The Cahokia belonged to the Illinois , a confederation of around twelve small Algonquin- speaking Indian tribes , who at the beginning of the 17th century were scattered over an area that included northern Illinois and parts of Missouri and Iowa . The tribe is now considered extinct.

The first mention of the Cahokia comes from the French explorer Robert Cavelier de La Salle on his second trip in 1682. Very little is known about the culture of the Cahokia; however, they were not descendants of the prehistoric inhabitants of the Cahokia Mounds . The ancient site near Collinsville , Illinois was named for the Indian tribe who lived here in the late seventeenth century. The Cahokia settled at the confluence of the Illinois River in the Mississippi River in what is now western Illinois when they were discovered by Jacques Marquettevisited in 1673. Around 1700 they moved south to the east bank of the Mississippi to the place where a Catholic mission school had been built in 1699, now the location of the city of Cahokia in Illinois. There was also a French trading post and Fort Cahokia with garrison. At this place they united with the Tamaroa , a closely related tribe from the Illinois Confederation, and lived in a total of around ninety huts. First estimates of the population were made by specifying huts or warriors, with around sixteen people living in one hut.

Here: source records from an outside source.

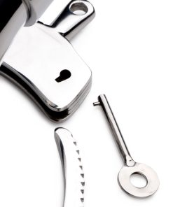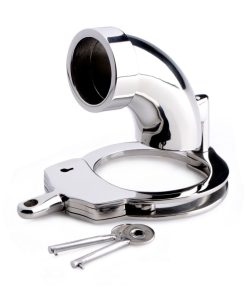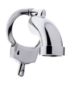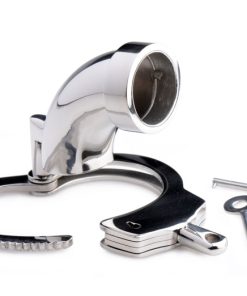 Handcuff your slaves desires with the Cock Cuff Chastity Device. This device is made from a stainless steel handcuff and has a steel tube welded to the front to make sure all pleasure is under your lock and key! The opened end allows for use 24-7. The device comes with an L-shaped bar extending from the penis lock to halfway over the cage.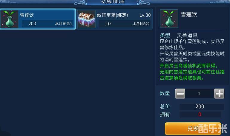 固元灭威类技能需要雪莲饮进行升级,平民玩家可以通过帮会功勋在帮会师爷处每月兑换1个
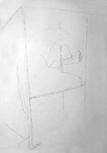 Der Aussteiger; 1981; Maße: 47 x 34 cm, Graphik: Zeichnung; Bleistift/ Tusche auf Zeichenpapier; sign. u. dat. r.u. 5.05.81, A.; Erbeng. Arndt - Reg. Nr.: Z 81 - 20/27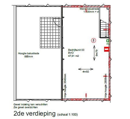 De vergunning voorziet in ‘lichte industrie’. Indien de verdieping als kantoor gebruikt wordt, dient koper dit met de gemeente af te stemmen en de installaties aan te passen. De verantwoordelijkheid voor het gebruik ligt volledig bij de koper.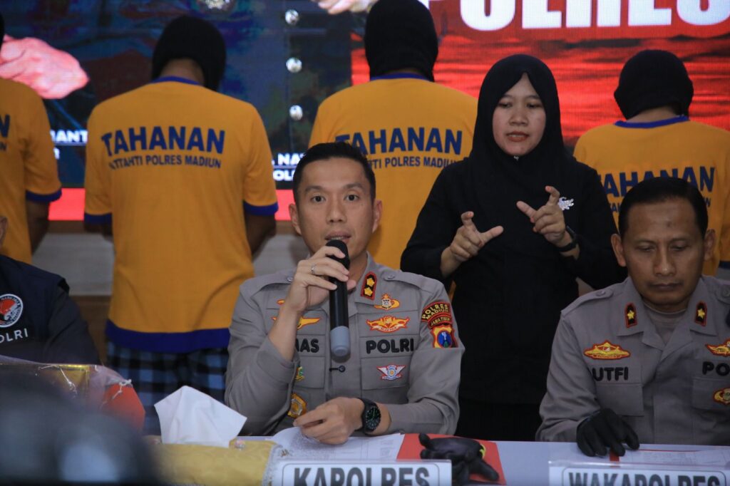 Kapolres Madiun AKBP Kemas Indra Natanegara menjelaskan, penangkapan pertama dilakukan terhadap DS di tepi Jalan Raya Madiun–Ponorogo, Kecamatan Geger, Rabu (04/06/2025). Dari tangan DS, polisi menemukan 0,43 gram sabu-sabu.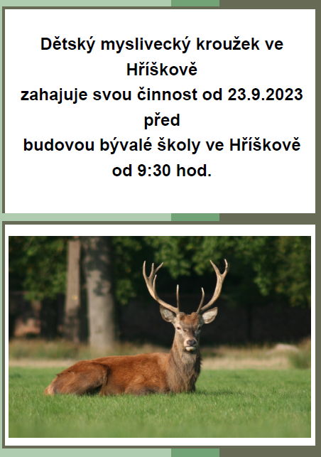 Dne 23.9.2023 opět zahajuje svou činnost Myslivecký kroužek pro děti, sraz v 9:30 hod před budovou bývalé školy ve Hříškově.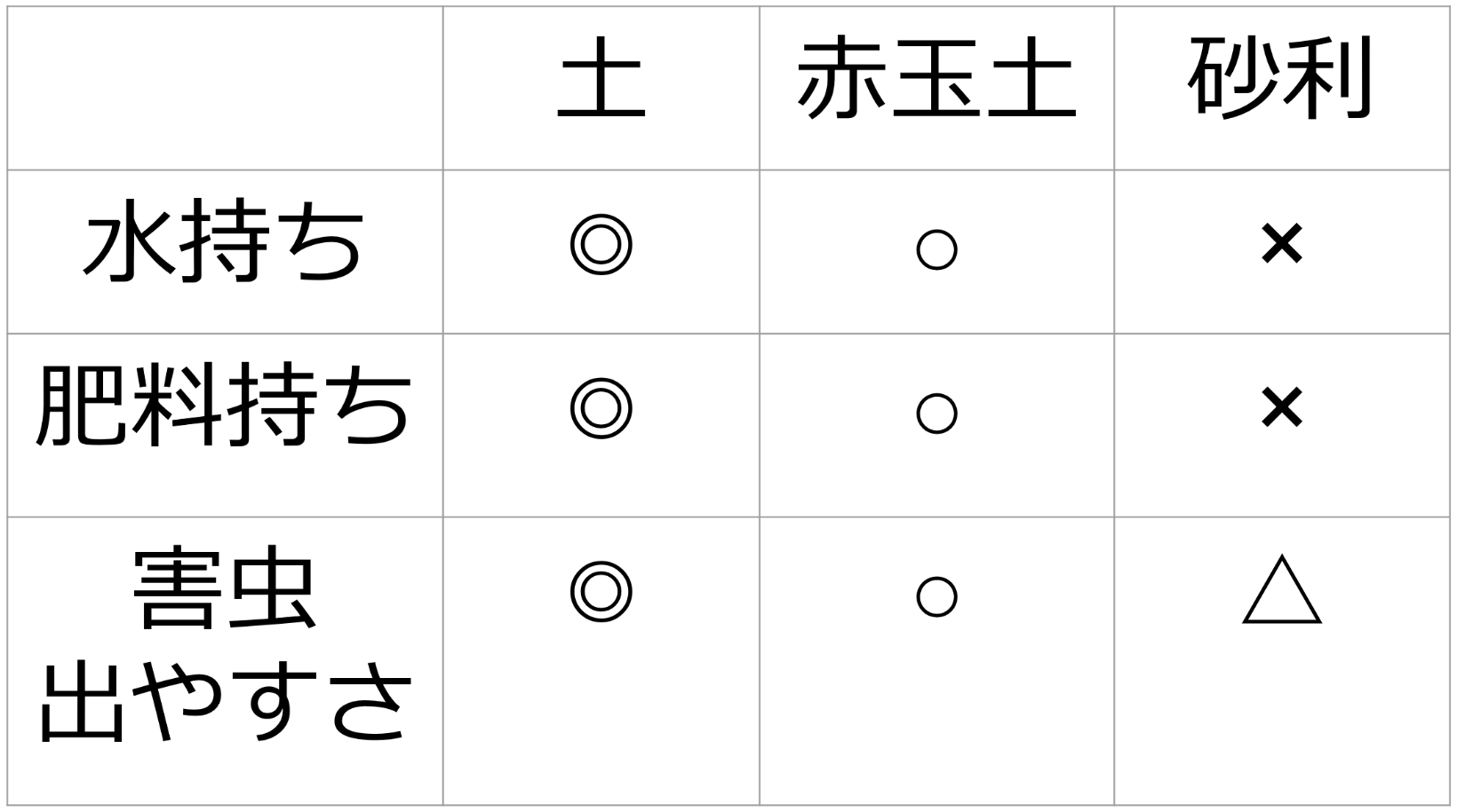 土は一番水持ちがよく、肥料持ちがよいです。そのため、水やりの間隔もとても長いでしょう。土の中に肥料を持ちやすいのと、腐葉土などが入っていれば、すでに肥料を持っているのも特徴です。そのため、害虫も紛れていることも。

As early as 1701, the Tamaroa separated again from the Cahokia, who continued to live near the mission until they were relocated south by the French in 1734. Under the influence of diseases and alcohol abuse, the population decreased dramatically. There were also attacks by pro-British Indian tribes who destroyed their village in 1752. Eventually they sought refuge with their friends in Michigamea , who had suffered a similar fate. Both tribes were later incorporated by the Kaskaskia and recognized as a Kaskaskia tribe by the United States in 1803 . The Kaskaskia, in turn, allied with the Peoria and moved from Illinois to Kansas in the 1830s . Here they probably took in all survivors of other Illinois tribes. After they had also united with the Wea and Piankashaw in 1854 , they called themselves Confederated Peoria tribe (allied Peoria tribe). In 1867 they were assigned land in the northeast Indian territory. In 1889, 153 Peoria moved into the newly established reservation . It is unknown how many of them were descendants of the Cahokia. The state-recognized Peoria Tribe of Indians of Oklahoma had a total of 1,795 tribesmen in 2000.

See also

literature

Individual evidence

  1. a b c Cahokia . Encyclopedia of Oklahoma History and Culture. Retrieved October 6, 2016 .
  2. ^ A b Charles Callender: Handbook of North American Indians . Volume 15: Northeast, Illinois, pp.673-679
  3. ^ Census 2000, American Indian Tribes "Peoria". Retrieved October 7, 2016 .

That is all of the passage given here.